NewsHonorary Degree Citation
You were born just up the road in Newfane, the son of the owners of the general store. You say that you learned early in life that for all the good we get from our communities, we should give much of ourselves back to them. Coming from you, these are not empty words; you have lived that sentiment your entire adult life.
After earning your bachelor’s degree at the University of Vermont, you returned to your hometown, and at the age of 25—an age at which many young men’s fancies turn to adventure, travel and tilting at windmills, you became…the zoning administrator.
Your public service continued on the Newfane selectboard and beyond to Montpelier, where at the ripe old age of 34 you were elected Speaker of the Vermont House of Representatives. In this time of political extremes, it’s difficult to imagine an era when partisanship could be set aside for public policy, but as a Republican House Speaker, you worked with the people—be they Democrat or Republican—whose abilities could best accomplish the state’s goals.

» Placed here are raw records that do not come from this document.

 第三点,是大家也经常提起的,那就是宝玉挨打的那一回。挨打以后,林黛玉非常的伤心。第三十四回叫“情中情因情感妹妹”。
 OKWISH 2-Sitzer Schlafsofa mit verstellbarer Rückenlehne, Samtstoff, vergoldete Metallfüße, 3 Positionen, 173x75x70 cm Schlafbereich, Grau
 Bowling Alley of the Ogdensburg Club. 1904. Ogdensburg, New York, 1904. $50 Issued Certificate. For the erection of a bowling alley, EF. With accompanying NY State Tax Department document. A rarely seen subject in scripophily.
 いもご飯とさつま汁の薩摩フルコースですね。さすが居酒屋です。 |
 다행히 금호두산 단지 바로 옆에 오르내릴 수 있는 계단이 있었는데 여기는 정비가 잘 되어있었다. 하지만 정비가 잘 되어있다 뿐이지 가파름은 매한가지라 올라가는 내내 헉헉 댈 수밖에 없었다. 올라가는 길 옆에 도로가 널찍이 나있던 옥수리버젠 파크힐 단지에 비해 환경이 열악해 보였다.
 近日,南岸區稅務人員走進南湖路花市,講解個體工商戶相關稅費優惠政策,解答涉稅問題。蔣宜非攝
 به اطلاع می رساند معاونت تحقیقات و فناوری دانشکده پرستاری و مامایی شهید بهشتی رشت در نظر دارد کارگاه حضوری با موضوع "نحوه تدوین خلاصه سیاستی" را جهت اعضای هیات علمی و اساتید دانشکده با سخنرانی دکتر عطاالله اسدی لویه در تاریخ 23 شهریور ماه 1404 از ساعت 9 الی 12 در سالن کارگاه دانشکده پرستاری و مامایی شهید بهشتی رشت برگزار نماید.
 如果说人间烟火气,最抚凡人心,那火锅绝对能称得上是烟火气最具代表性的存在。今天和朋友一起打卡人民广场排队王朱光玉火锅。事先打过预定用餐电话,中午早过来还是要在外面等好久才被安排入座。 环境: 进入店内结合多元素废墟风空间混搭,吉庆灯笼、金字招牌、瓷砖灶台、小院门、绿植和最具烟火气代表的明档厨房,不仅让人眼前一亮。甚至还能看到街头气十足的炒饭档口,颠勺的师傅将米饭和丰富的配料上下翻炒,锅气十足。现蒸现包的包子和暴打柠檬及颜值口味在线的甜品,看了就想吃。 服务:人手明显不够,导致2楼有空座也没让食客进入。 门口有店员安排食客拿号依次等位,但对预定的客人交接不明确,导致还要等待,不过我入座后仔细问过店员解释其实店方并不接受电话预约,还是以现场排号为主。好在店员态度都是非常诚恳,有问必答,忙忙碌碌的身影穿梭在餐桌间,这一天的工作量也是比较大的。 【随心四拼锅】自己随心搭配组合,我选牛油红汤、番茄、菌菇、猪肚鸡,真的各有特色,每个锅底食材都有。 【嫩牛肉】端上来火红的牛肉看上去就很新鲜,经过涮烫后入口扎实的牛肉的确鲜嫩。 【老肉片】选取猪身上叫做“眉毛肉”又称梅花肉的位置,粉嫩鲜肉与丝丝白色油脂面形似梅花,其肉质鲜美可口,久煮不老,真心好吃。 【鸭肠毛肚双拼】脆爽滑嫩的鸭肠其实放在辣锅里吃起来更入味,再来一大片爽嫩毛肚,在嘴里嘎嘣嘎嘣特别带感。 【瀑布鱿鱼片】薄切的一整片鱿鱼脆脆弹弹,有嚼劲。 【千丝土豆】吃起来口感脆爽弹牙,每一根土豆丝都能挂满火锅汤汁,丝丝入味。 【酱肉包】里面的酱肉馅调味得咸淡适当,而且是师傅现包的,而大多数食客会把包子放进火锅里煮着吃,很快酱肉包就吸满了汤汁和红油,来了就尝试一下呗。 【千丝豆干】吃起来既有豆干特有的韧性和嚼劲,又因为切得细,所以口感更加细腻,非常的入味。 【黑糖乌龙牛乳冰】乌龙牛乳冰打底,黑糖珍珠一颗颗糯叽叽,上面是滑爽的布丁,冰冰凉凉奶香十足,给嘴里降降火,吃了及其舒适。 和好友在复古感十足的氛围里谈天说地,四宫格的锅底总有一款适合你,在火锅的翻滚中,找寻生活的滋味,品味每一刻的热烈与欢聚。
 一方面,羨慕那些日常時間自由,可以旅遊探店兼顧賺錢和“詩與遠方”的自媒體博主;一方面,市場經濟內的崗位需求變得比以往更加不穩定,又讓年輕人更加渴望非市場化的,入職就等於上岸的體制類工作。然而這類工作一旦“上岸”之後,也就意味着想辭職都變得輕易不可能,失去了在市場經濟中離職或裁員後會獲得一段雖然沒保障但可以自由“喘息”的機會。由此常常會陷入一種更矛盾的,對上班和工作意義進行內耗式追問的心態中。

You left the legislature at the height of your political career, intending to run a business for a few years and then return to politics. That was 23 years ago. The problem was, you didn’t run just any business; you became CEO of the Windham Foundation in Grafton. The Windham Foundation had been created by a man who, like you, believed in giving back to community. He created a philanthropic entity that empowers villages, towns and cities around Vermont to better themselves.
You have thrown yourself into enhancing and expanding the Windham Foundation’s businesses, businesses that fund the Foundation’s many social programs. At the same time, you founded Vermont’s first public policy think tank, the Grafton Conference Project. The project regularly brings together the state’s best minds to examine issues ranging from maternal and infant health care to economic development and environmental protection. The ideas emanating from these conferences regularly inform key public policy decisions in Vermont.
We at Marlboro, who maintain community involvement and academic achievement are critical elements in developing engaged citizens, salute you, Stephan Morse. Your work creates communities that are more than just a place to live; they are a place to thrive.